Given the value of computational notebooks, the ability to update the published record should at least be possible. Currently the process of “typesetting” is a costly part of the publishing workflow that disconnects the author with the output of their work (i.e. they are not editing XML and are instead proof-reading converted equations, etc.). In a computational setting, the process of “typesetting” needs to be re-imagined, with the technical, legal and functional ownership of the process to be owned and operated by the researcher, ideally in tools they understand and use. These processes should be, and can be, automated to enable continuous practices by scientists themselves.
Archiving & Computational Reproduction¶
Any information that is supplemental is not archived and disemenated in the same way as the single XML document (e.g. in PubMed). In the final, diseminated XML document we want to recreate as much of the notebook content as possible for the purposes of indexing and archiving. The constraints on indexing and archiving are different than those on full computational reproduction.
For example, the required software, data, and detailed computational requirements should not be stored in this XML document.
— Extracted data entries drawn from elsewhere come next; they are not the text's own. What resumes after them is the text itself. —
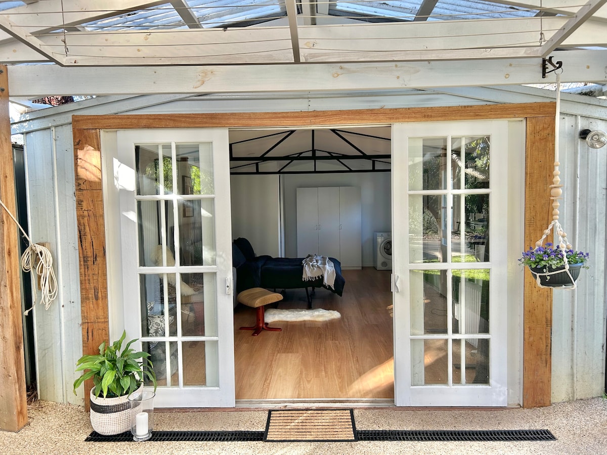Söndagar är endast tillgängliga på begäran, endast när du bokar lördagar "Peaceful Pines Country Stay" ligger nära staden Birregurra, Vic, Australien. Detta unika ställe har en helt egen stil. Erbjuder en lugn, romantisk, lugn vistelse, erbjuder utomhusbad, bastu och eldgrop. Möjlighet att interagera med husdjur om så önskas. Beläget bara 6 minuter från Brae - en av Australiens bästa restauranger. Endast 45 minuter till Geelong, 90 minuter till Melb flygplats
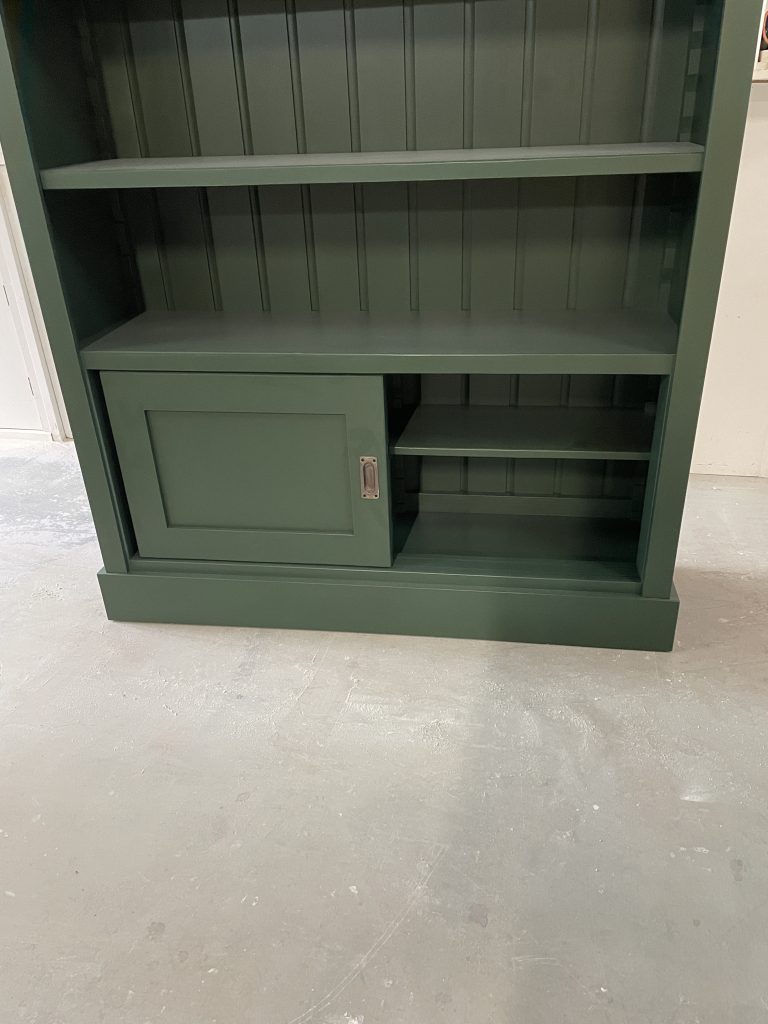 Schuifdeur open boekenkast Ral 6020
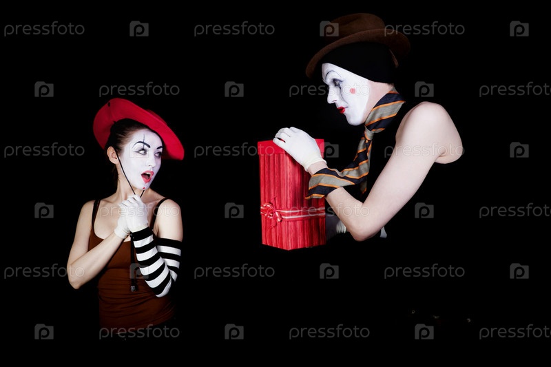 Мужчина-мим дает женщине подарок в красной коробке
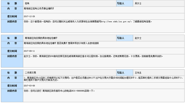 3、電話咨詢。為讓群眾更直觀的了解威海南海新區(qū)事務,設立咨詢服務電話,讓群眾直接問有所答。
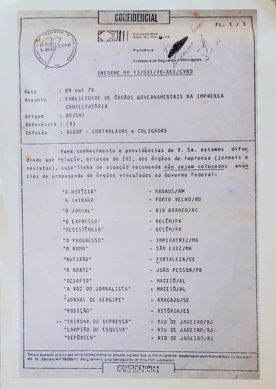 Quando eu vejo jovens jornalistas reclamarem de censura fico pensando que eles falam sem saber o que seja. Numa das últimas vezes que houve censura por aqui aconteceu no jornal A Tribuna na antevéspera da eleição a prefeito em 1985. Segundo o que circulou na época é porque o jornal iria fazer duras denúncias contra o candidato do PMDB Jerônimo Santana, e o TRE acabou empastelando a edição. No dia seguinte, véspera do pleito o TRE chamou para uma coletiva. A coisa estava risível: “Não pode publicar isso, aquilo, aquilo outro também...”. A coletiva foi encerrada logo depois de começar, quando, se não me engano, o Paulo Queiroz, perguntou ao presidente do Tribunal: “Doutor, podemos ao menos informar que amanhã é eleição?” A foto é um documento de um órgão de segurança do Governo Federal: A Tribuna (PVh), A Notícia (AM) e Rio Branco (AC) foram três onde trabalhei na época. Falta só o Estado de São Paulo, mas lá a censura começou em 1969.

This is both from a practicality stand point as well as a principle to utilize and reinforce existing standards and communitiy practices that are already adopted (e.g. REES). Becuase of this, the XML will not be executable on its own. There needs to be standardized ways to bundle notebooks, which we suggest to use the MECA standard (essentially a structured zip file[2]) which can include all reproducible requirements, representing the notebooks in their canonical form (.*ipynb
). This has the advantage that much of the existing computational infrastructure (e.g. Binder) can be used or adapted relatively easily to consume this file[3].
Our suggested approach to storing the notebooks in JATS is to make the data “round-trippable enough”, with the canonical notebooks, source code and data stored as supplementary files in standard forms.
For examples and explanations of this, see The Turing Way, any step towards representing the full reproduction of research in the archived VoR is valuable.
Note that service providers like GitHub provide ways to download a repository as a zip file dynamically, and this idea can be used to bridge the gap between community-used tools like Git and current standards used in publishing.
The Zenodo integration for https://
mybinder .org is esentially the same as this, unzipping the contents of a zip-file, and going through community practices for reproducibility.